Robert Pinsky was born in Long Branch, New Jersey, to a Jewish family. He earned his BA from Rutgers University, then earned his MA and PhD in philosophy from Stanford University, where he was named a Stegner Fellow in creative writing and studied with Yvor Winters. In 1961, Pinsky married clinical psychologist Ellen Jane Bailey, with whom he has three children.
Pinsky is the author of numerous collections of poetry, most recently At the Foundling Hospital (Farrar, Straus & Giroux, 2016). The Figured Wheel (FSG, 1996) won the 1997 Lenore Marshall Poetry Prize and was nominated for the Pulitzer Prize. His multiple prose and critical works include The Sounds of Poetry: A Brief Guide (FSG, 1998), a finalist for the National Book Critics Circle Award, and his recent memoir Jersey Breaks: Becoming an American Poet (W. W. Norton, 2022). Pinsky has translated Czeslaw Milosz, Friedrich Schiller, and Dante; his The Inferno of Dante (FSG, 1994) was named a Book-of-the-Month-Club Editor’s Choice and won the Los Angeles Times Book Prize and the Harold Morton Landon Translation Award. He has also edited several anthologies, including the celebratory 25th anniversary volume of The Best of American Poetry, and wrote the libretto for the opera Death and the Powers: A Robot Pageant.

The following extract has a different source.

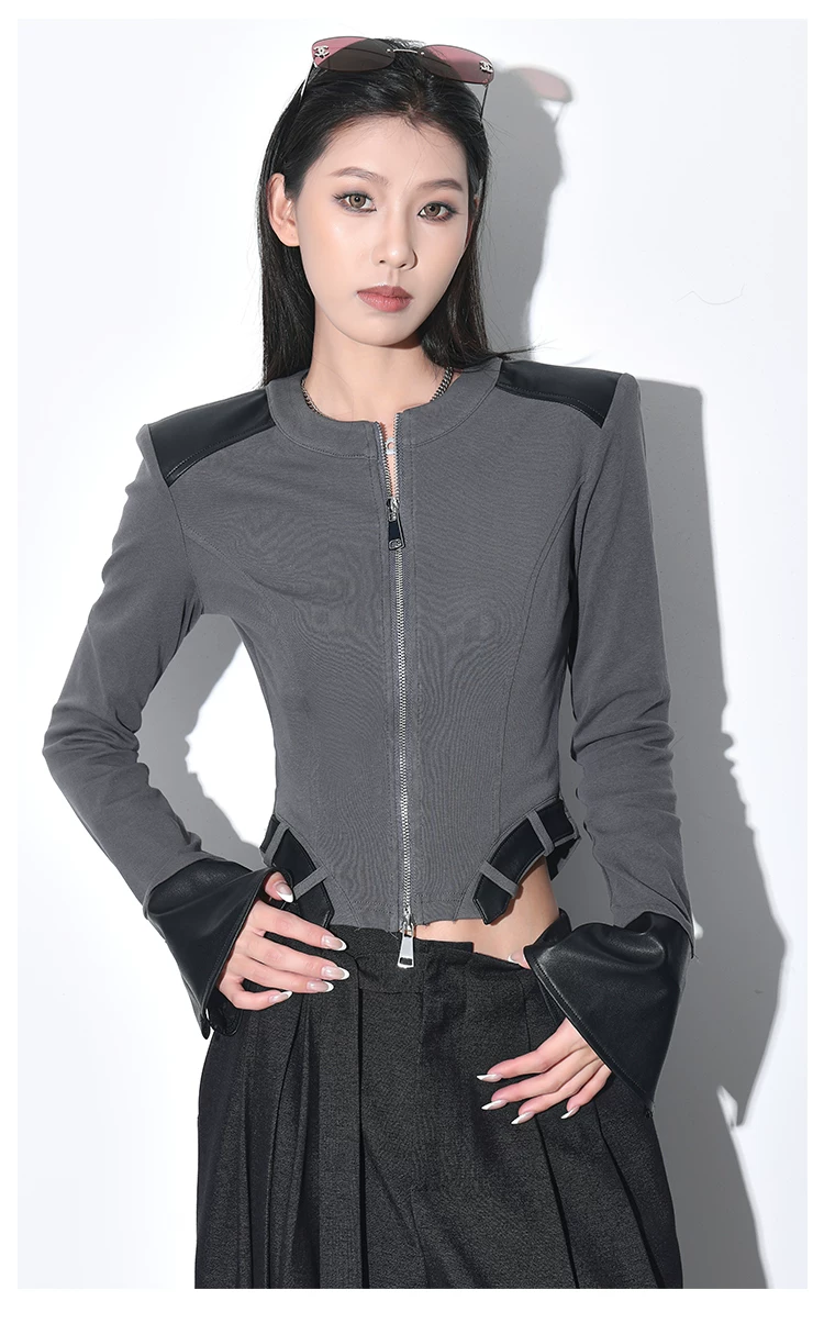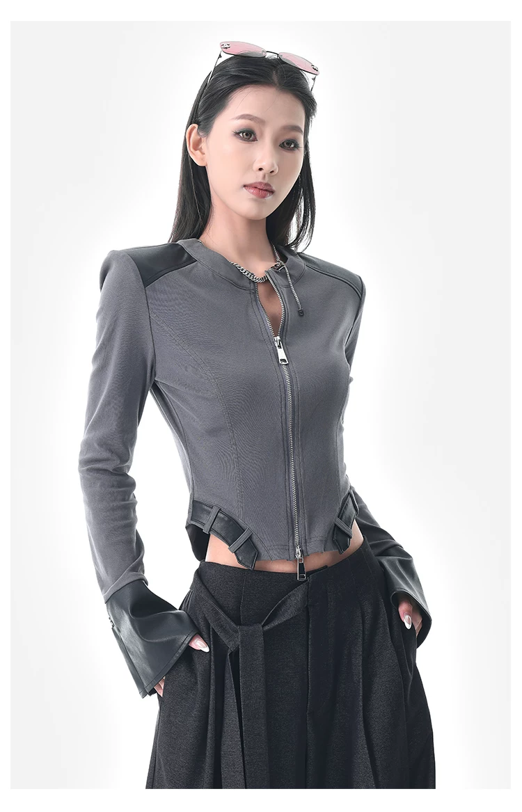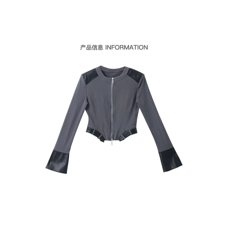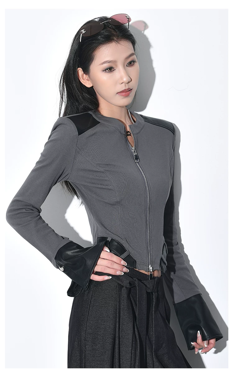 KEN STUDIO Áo thun dài tay phối da PU mùa thu mới dành cho nữ với thiết kế khóa kéo đôi và áo ngắn ôm vừa vặn

Pinsky served as the United States Poet Laureate from 1997 to 2000, serving an unprecedented three terms. In this role, he founded the Favorite Poem Project, a program dedicated to celebrating, documenting, and encouraging poetry’s role in Americans’ lives. His other honors include an American Academy of Arts and Letters award, the William Carlos Williams Award, the Shelley Memorial Prize, the PEN/Voelcker Award for Poetry, the Premio Capri, the Manhae Award, and the Harold Washington Award, as well as fellowships from the Guggenheim Foundation and the National Endowment for the Arts. He was a Chancellor for the Academy of American Poets from 2004 to 2010 and has served as poetry editor of Slate. Pinsky, who guest-starred on both The Simpsons and The Colbert Report, has taught at both Wellesley College and the University of California, Berkeley. He is currently director of the creative writing program and William Fairfield Warren Distinguished Professor at Boston University. He lives in Cambridge, Massachusetts.